In general, no change goes into SCons unless it has one or more new
or modified tests that demonstrably exercise the bug being fixed or
the feature being added. There are exceptions to this guideline, but
they should be just that, *exceptions*. When in doubt, make sure
it's tested.
Test Organization
=================
There are three types of SCons tests:
*End-to-End Tests*
End-to-end tests of SCons are Python scripts (``*.py``) underneath the
``test/`` subdirectory. They use the test infrastructure modules in
the ``testing/framework`` subdirectory.
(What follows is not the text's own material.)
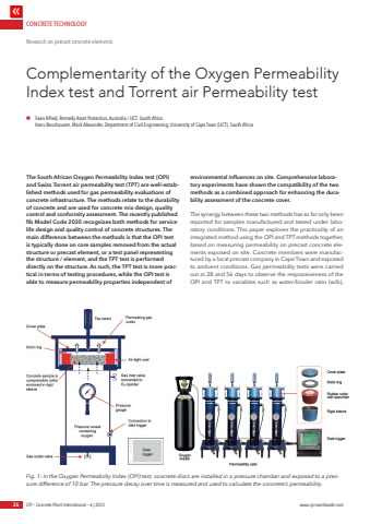 CONCRETE TECHNOLOGY26 CPI %u2013 Concrete Plant International %u2013 6 | 2025 www.cpi-worldwide.comThe South African Oxygen Permeability Index test (OPI) and Swiss Torrent air permeability test (TPT) are well-established methods used for gas permeability evaluations of concrete infrastructure. The methods relate to the durability of concrete and are used for concrete mix design, quality control and conformity assessment. The recently published fib Model Code 2020 recognizes both methods for service life design and quality control of concrete structures. The main difference between the methods is that the OPI test is typically done on core samples removed from the actual structure or precast element, or a test panel representing the structure / element, and the TPT test is performed directly on the structure. As such, the TPT test is more practical in terms of testing procedures, while the OPI test is able to measure permeability properties independent of environmental influences on site. Comprehensive laboratory experiments have shown the compatibility of the two methods as a combined approach for enhancing the durability assessment of the concrete cover. The synergy between these two methods has so far only been reported for samples manufactured and tested under laboratory conditions. This paper explores the practicality of an integrated method using the OPI and TPT methods together, based on measuring permeability on precast concrete elements exposed on site. Concrete members were manufactured by a local precast company in Cape Town and exposed to ambient conditions. Gas permeability tests were carried out at 28 and 56 days to observe the responsiveness of the OPI and TPT to variables such as water/binder ratio (w/b), Complementarity of the Oxygen Permeability Index test and Torrent air Permeability testResearch on precast concrete elementsn Sean Alfred, Remedy Asset Protection, Australia / UCT, South AfricaHans Beushausen, Mark Alexander, Department of Civil Engineering, University of Cape Town (UCT), South AfricaFig. 1: In the Oxygen Permeability Index (OPI) test, concrete discs are installed in a pressure chamber and exposed to a pressure difference of 10 bar. The pressure decay over time is measured and used to calculate the concrete%u2019s permeability.
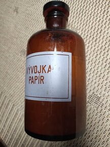 Skleněná lahev na vývojku, 1 litr. Zabroušené hrdlo. Nepoškozená. Plzeň. Tel. 777836177

They build set up complete
projects and call scons to execute them, checking that the behavior is
as expected.
*Unit Tests*
Unit tests for individual SCons modules live underneath the
``src/engine/`` subdirectory and are the same base name as the module
to be tests, with ``Tests`` appended before the ``.py``. For example,
the unit tests for the ``Builder.py`` module are in the
``BuilderTests.py`` script. Unit tests tend to be based on assertions.
*External Tests*
For the support of external Tools (in the form of packages, preferably),
the testing framework is extended so it can run in standalone mode.
You can start it from the top-level directory of your Tool's source tree,
where it then finds all Python scripts (``*.py``) underneath the local
``test/`` directory. This implies that Tool tests have to be kept in
a directory named ``test``, like for the SCons core.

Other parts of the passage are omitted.